In the Notepad++ documentation I can only find \f and \x0B (which is VT) but \v means vertical space which is explained like this:

https://npp-user-manual.org/docs/searching/#character-escape-sequences wrote:Vertical space: This encompasses all the [[:space:]] characters that aren't [[:blank:]] characters: The LF, VT, FF, CR , NEL control characters and the LS and PS format characters

This could be specific to Notepad++ but it's also possible that \v always means vertical space and not just vertical tab.

Regards
Dalai

AntonyD · Post by *AntonyD » 2023-12-12, 08:28 UTC

To be honest, I still don’t quite understand what level of documentation you want to specify for this.
And why? The same phrases are used in translation. And for the translation, let’s say, the translator is responsible.
And for our population, the specified escape sequences of control characters have been like this for a very long time.
https://www.gnu.org/software/emacs/manual/html_node/elisp/Basic-Char-Syntax.html = for example.
This is a version of the “original” relationship between escape “symbols” and their meanings.
https://en.cppreference.com/w/cpp/language/escape = also states itself as a mature site with info...
https://google.github.io/styleguide/tsguide.html#special-escape-sequences - here they are not listing the table of
relationship between “symbol” and meaning. But still, they specifically point out the fact that they use this widely
in their coding practice.
https://en.wikipedia.org/wiki/Control_character
https://developer.mozilla.org/en/docs/Web/JavaScript/Guide/Grammar_and_types
http://es5.github.io/x7.html#x7.8.4 (see the 'table 4')

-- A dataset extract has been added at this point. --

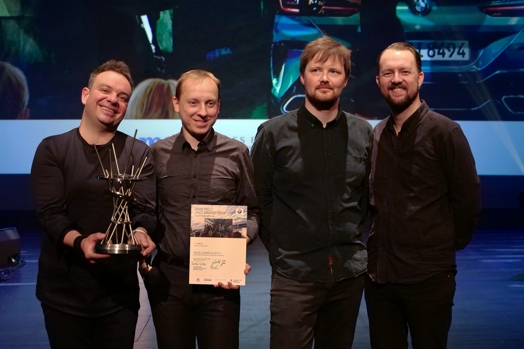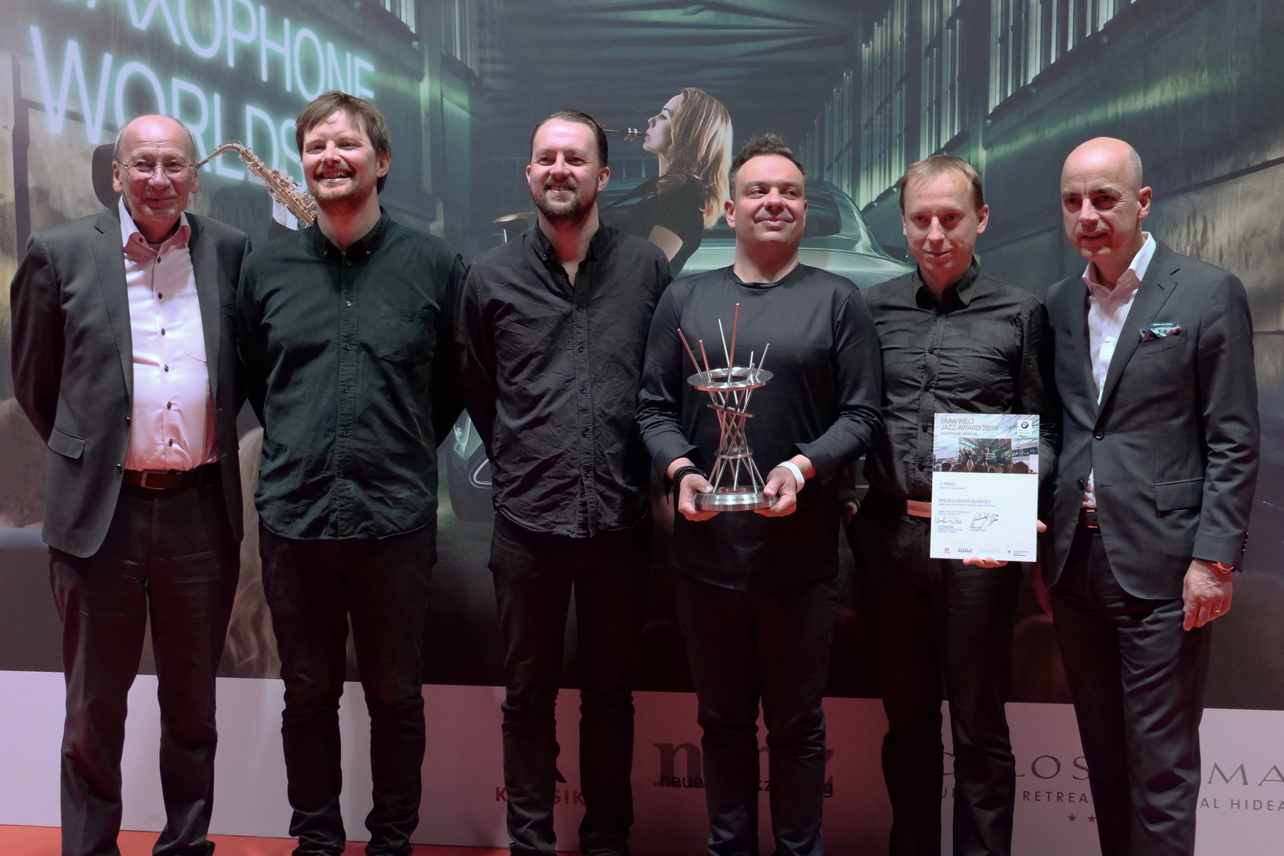 Dr. Nicolas Peter, Mitglied des Vorstands der BMW AG, Finanzen, überreichte gemeinsam mit dem Kulturreferenten der Landeshauptstadt München, Dr. Hans-Georg Küppers, die eigens von BMW Design entworfene Trophäe an die Gewinner. Um die musikalisch herausragende Performance beider Ensembles zu untermalen, wurden sie jeweils mit einem Preisgeld ausgezeichnet. Das Maciej Obara erhielt 10.000 Euro, während sich die zweitplatzierte Band, das Rudresh Mahanthappa Quintet, über 5.000 Euro freuen durfte.
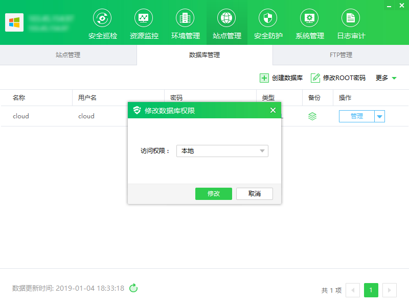 ① 点击“权限”,显示修改数据库权限弹框

As to Notepad++ - it's internally based on a SciTE engine - so you have to find doc for SciTE

))
https://www.scintilla.org/SciTERegEx.html
find for text line: "\a, \b, \f, \n, \r, \t, \v match the corresponding C escape char, respectively BEL, BS, FF, LF, CR, TAB and VT;"
Of course we used to use RU version: https://scite-ru.bitbucket.io/pack/doc/SciTERegEx_rus.html which has in ()'s a liiiitle
bit more clarifications for the same line of text.

Dalai · Post by *Dalai » 2023-12-12, 11:49 UTC

AntonyD wrote: 2023-12-12, 08:28 UTCTo be honest, I still don’t quite understand what level of documentation you want to specify for this.
And why?

I don't want to specify anything. I want to make sure adding these escape sequences (\f and \v) to the language file doesn't end up misleading in case they're not commonly used for these line break types (or even mean something else). Simple as that.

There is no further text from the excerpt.